Viele von Max Bills Schriften drehten sich um Produktgestaltung – in ihrer Summe ergaben sie das Postulat «Die Gute Form», das 1957 als Buch erschien. Das gestalterische Ziel sollte sein, dass Funktion, Form und Schönheit eines Produkts perfekt harmonierten und es somit zeitlos ist. Zahlreiche Gestalter, z.
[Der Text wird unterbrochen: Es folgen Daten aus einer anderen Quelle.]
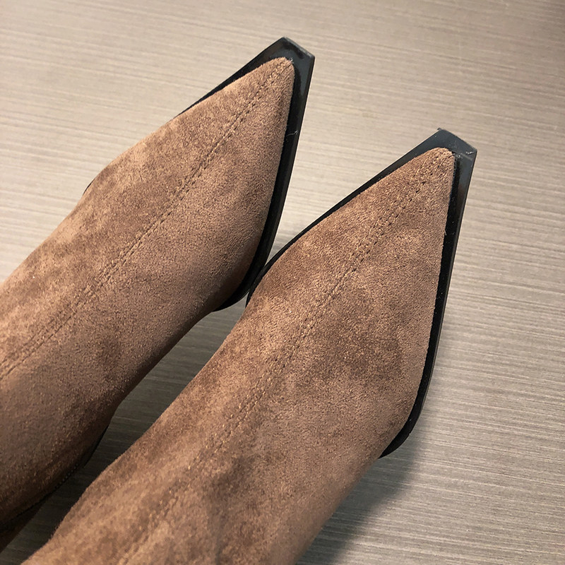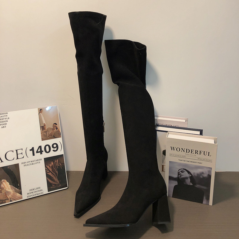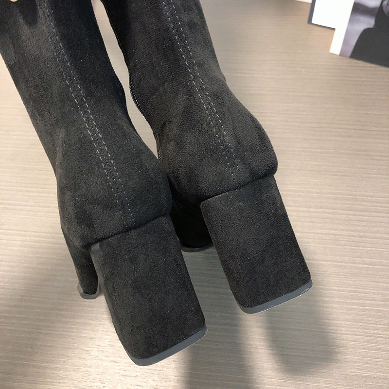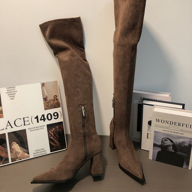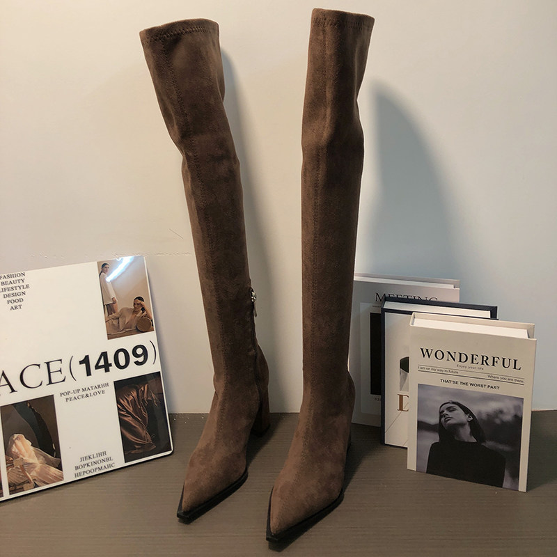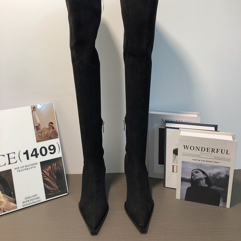 Замшевые демисезонные высокие сапоги, эластичные ботинки с молнией, 2024 года, европейский стиль

B. Susi und Ueli Berger, orientierten sich an den von Bill und dem Schweizer Werkbund aufgestellten Richtlinien.


Kunstmuseum Winterthur
Beim Stadthaus, Museumstr. 52
Vernissage: Fr 18.30 Uhr
Di 10–20 Uhr, Mi–So 10–17 Uhr
Bis 2.2.2020
www.kmw.ch

Erstellt: 11.04.2019, 10:05 Uhr

Konstruktives Kabinett – Max Bill und die Zürcher Konkreten

In der Geburtsstadt Bills sind in der jüngsten Schau überwiegend Werke aus der Sammlung des Kunstmuseums Winterthur zu sehen. Seine Arbeiten werden durch Werke von Zeitgenossen und Vertreter der konkreten Kunst wie Richard Paul Lohse oder Camille Graeser sowie aktuelle konkrete Positionen ergänzt.